Significant judgment is required in determination of taxability of certain income and deductibility of certain expenses during
the estimation of the provision for income taxes.

The extent to which deferred tax assets can be recognised is based on the assessment of the probability of the Company's
future taxable income against which the deferred tax assets can be utilised. In addition, significant judgement is required in
assessing the impact of any legal or economic benefits.

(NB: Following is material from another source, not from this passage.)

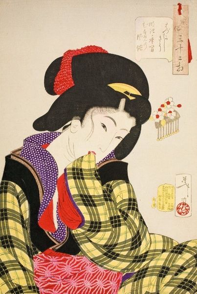 Curator: The artwork we're observing is a woodblock print by Tsukioka Yoshitoshi, created in 1888. It’s entitled "Looking Shy - The Appearance of a Young Girl of the Meiji era." Editor: It has a rather melancholic quality, wouldn't you say? The heavy lines, the girl’s averted gaze… There's a stillness and quiet sadness that is very present here. I find it almost stifling. Curator: That melancholic mood, I think, speaks to the transitional period of Meiji Japan. Yoshitoshi often grappled with themes of cultural shift, and this portrait could be interpreted as a commentary on the changing roles and expectations placed on young women at the time, caught between tradition and modernity. Editor: The very textiles she wears reflect that tension! Look at the elaborate hair ornaments juxtaposed with the quite loud, almost clashing patterns of her robes. The fabric is clearly machine-made, unlike traditional garments that would have been woven entirely by hand, by individual artisans and cottage industries. Curator: Exactly. Considering the historical context, the artist likely selected these details deliberately. The girl’s posture and downcast eyes, coupled with the mixing of traditional and modern fashion elements, invite us to consider the complex negotiations of identity in Meiji society. Was it a deliberate commentary by Yoshitoshi on gender roles during modernization, given his awareness of social issues and perhaps proto-feminist attitudes? Editor: I agree, the work certainly makes us question access to material, class and generational expectations. One can almost sense the weight of her garment; heavy cloth laden on a child—how many hours went into producing that print, and by how many people? And for what end use? How much of that labor reflects power, how much simply a process for sales and economic benefit? Curator: Absolutely. By analyzing Yoshitoshi’s artistic choices and acknowledging the era's historical pressures, we gain insight into a moment of upheaval—a visual document expressing the anxieties and ambivalences of a society undergoing massive transformations. Editor: Yes, considering the process, labor, and sheer volume of work, both in raw materials and artistic creation, in connection with the societal flux, renders it a striking snapshot of Japan’s evolving identity. It truly gives us pause.

4.6 Defined benefit obligations (DBO)

Critical estimate of the DBO involves a number of critical underlying assumptions such as standard rates of inflation,
mortality, discount rate, anticipation of future salary increases etc. as estimated by Independent Actuary appointed for this
purpose by the Management. Variation in these assumptions may significantly impact the DBO amount and the annual
defined benefit expenses.

4.7 Provisions and contingencies

Provisions and liabilities are recognized in the period when it becomes probable that there will be a future outflow of funds
resulting from past operations or events and the amount of cash outflow can be reliably estimated. The timing of recognition
and quantification of the liability requires the application of judgement to existing facts and circumstances, which can be
subject to change.

Management judgment is required for estimating the possible outflow of resources, if any, in respect of contingencies/claim/
litigations against the Company as it is not possible to predict the outcome of pending matters with accuracy.

The carrying amounts of provisions and liabilities and estimation for contingencies are reviewed regularly and revised to
take account of changing facts and circumstances.